Alla vigilia di Natale, cinque persone sono state arrestate con l’accusa di terrorismo nell’ambito di un’operazione coordinata dalla Procura Nazionale Antimafia e Antiterrorismo, tra loro, una ragazza di 18 anni di origine algerina, cresciuta e residente a Spoleto. La giovane è sospettata di aver costituito una cellula denominata “Da Wa Italia” (“La Chiamata”), affiliata ad Al Qaeda e ISIS. L’inchiesta, condotta dai Carabinieri del ROS, ha svelato un’organizzazione dedita al reclutamento e all’indottrinamento di giovani, anche minorenni, con lo scopo di spingerli verso la radicalizzazione jihadista.

Secondo le autorità, la giovane spoletina avrebbe collaborato con una coetanea pakistana residente a Bologna, particolarmente attiva nel proselitismo online. Insieme, le due avrebbero formato un gruppo volto a diffondere una “giusta” versione dell’Islam, legata al movimento jihadista, con un focus su giovani di seconda generazione. Tra gli altri coinvolti, un 27enne turco residente a Monfalcone e il fratello minore della ragazza pakistana, sospettato di aver già partecipato a un periodo di addestramento militare.

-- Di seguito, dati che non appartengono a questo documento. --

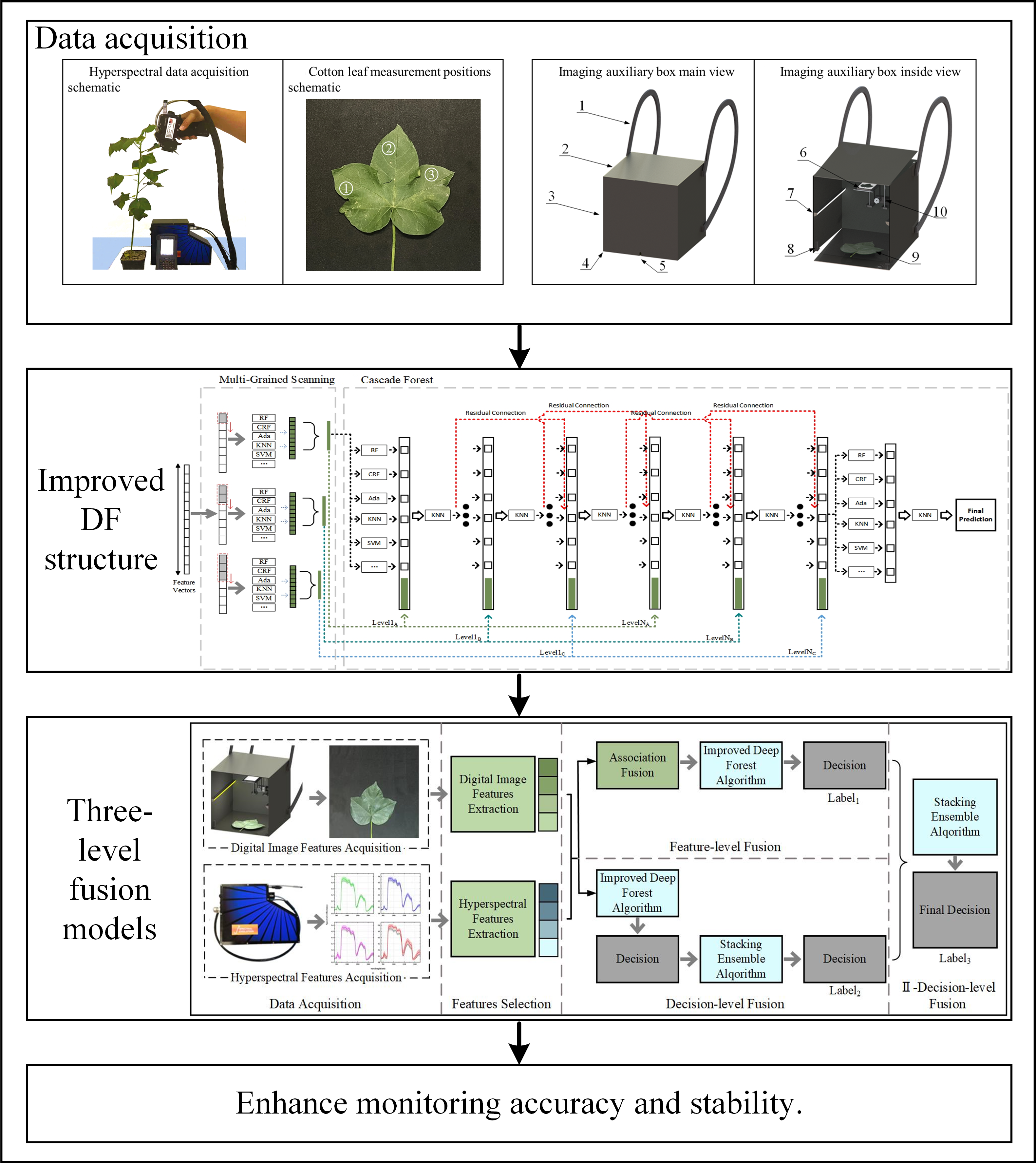 该研究以新陆早53号棉花为研究对象,开展室内盆栽实验,设置6个不同氮素处理,分别以棉叶的高光谱和数码图像为数据源,以增强表征学习能力为目标,通过在深度森林(DF)模型中的多粒度扫描和级联森林模块丰富多类别的基学习器,并在级联森林模块中添加跳跃连接策略以优化网络,提升在两个数据源中的反演质量。随后从特征级融合、决策级融合和二次决策级融合三个层次出发,构建联合DF与Stacking集成学习的“图像-光谱”融合模型,进一步提升氮含量反演的精度和稳定性。结果表明,DF模型满足农学数据获取困难、体量少的训练条件,改进的DF相较于传统机器学习模型验证集R2提升13.4%-28.5%,相较于原始DF模型验证集 R2提升10.9%-14.9%;同时,三层次“图像-光谱”融合模型相较于单一数据源最优反演模型验证集R2分别提升8.6%-9.3%,10.5%-11.2%,11.8%-12.5%。证实了改进的DF模型与三层次融合模型均能提升棉花氮含量反演精度,其中二次决策级融合模型效果最优,该方法为监测小样本作物表型参数提供借鉴和参考。

L’indagine, avviata nel settembre 2023, si è basata sul monitoraggio di circuiti radicali online, rivelando come il gruppo utilizzasse piattaforme digitali per diffondere propaganda e reclutare nuovi membri. Uno dei destinatari dell’ordinanza di custodia, un giovane cresciuto a Milano, è sfuggito alla cattura poiché già partito per il Corno d’Africa, dove si presume si sia unito a milizie jihadiste.

Spoleto, la ragazza accusata di terrorismo tace davanti al Gip

Sono durati pochi minuti gli interrogatori di garanzia per i quattro arrestati. La ragazza di Spoleto, difesa dall’avvocato Sabrina Montioni, si è avvalsa della facoltà di non rispondere alle domande del gip Letizio Magliaro. Il suo legale ha sottolineato che molti dei reati contestati sarebbero stati commessi quando l’indagata era ancora minorenne.

Anche i due fratelli pakistani, di 22 e 19 anni, residenti a Bologna, e il 27enne turco di Monfalcone hanno optato per il silenzio, limitandosi a brevi dichiarazioni spontanee. Gli interrogatori si sono svolti in video collegamento dalle carceri di Perugia e Gorizia, dove gli arrestati sono attualmente detenuti.

Secondo quanto emerso, il gip ha confermato la custodia cautelare per tutti, ritenendo sussistenti i rischi di fuga e reiterazione del reato. L’inchiesta è tutt’altro che conclusa e gli inquirenti stanno approfondendo i legami tra gli indagati e altre reti jihadiste presenti in Italia e all’estero.

Lotta al terrorismo in Italia: una sfida costante

L’operazione “Da Wa Italia” rappresenta un ulteriore tassello nella complessa lotta al terrorismo in Italia. Un fenomeno che negli ultimi anni si è adattato e trasformato grazie alle opportunità offerte dal digitale. L’Italia, benché meno colpita rispetto ad altri Paesi europei, è in prima linea nella prevenzione e nel contrasto al radicalismo.

Dal 2015, le autorità hanno intensificato il monitoraggio delle attività online, riconoscendo il ruolo centrale che i social network e le piattaforme di messaggistica criptate rivestono nella propaganda jihadista. L’utilizzo di strumenti avanzati di cyber-intelligence ha permesso di identificare e smantellare diverse cellule terroristiche operanti nel Paese.

Parallelamente, è stato rafforzato il dialogo con le comunità musulmane e avviati programmi di sensibilizzazione per prevenire la radicalizzazione. Soprattutto tra i giovani di seconda generazione. La strategia italiana si basa su un mix di interventi repressivi e preventivi, con un forte coinvolgimento delle istituzioni locali e delle scuole.

L’arresto dei cinque sospettati dimostra l’efficacia di questo piano, ma evidenzia anche le sfide ancora aperte. La radicalizzazione, spesso invisibile agli occhi della società, può nascere all’interno di contesti apparentemente integrati, sfruttando fragilità sociali ed economiche. La cooperazione internazionale resta cruciale per affrontare un fenomeno che, per sua natura, non conosce confini.

Mentre le indagini continuano, l’Italia ribadisce il proprio impegno nella tutela della sicurezza nazionale. Consapevole che la lotta al terrorismo non è solo una questione di polizia, ma anche di coesione sociale e prevenzione culturale.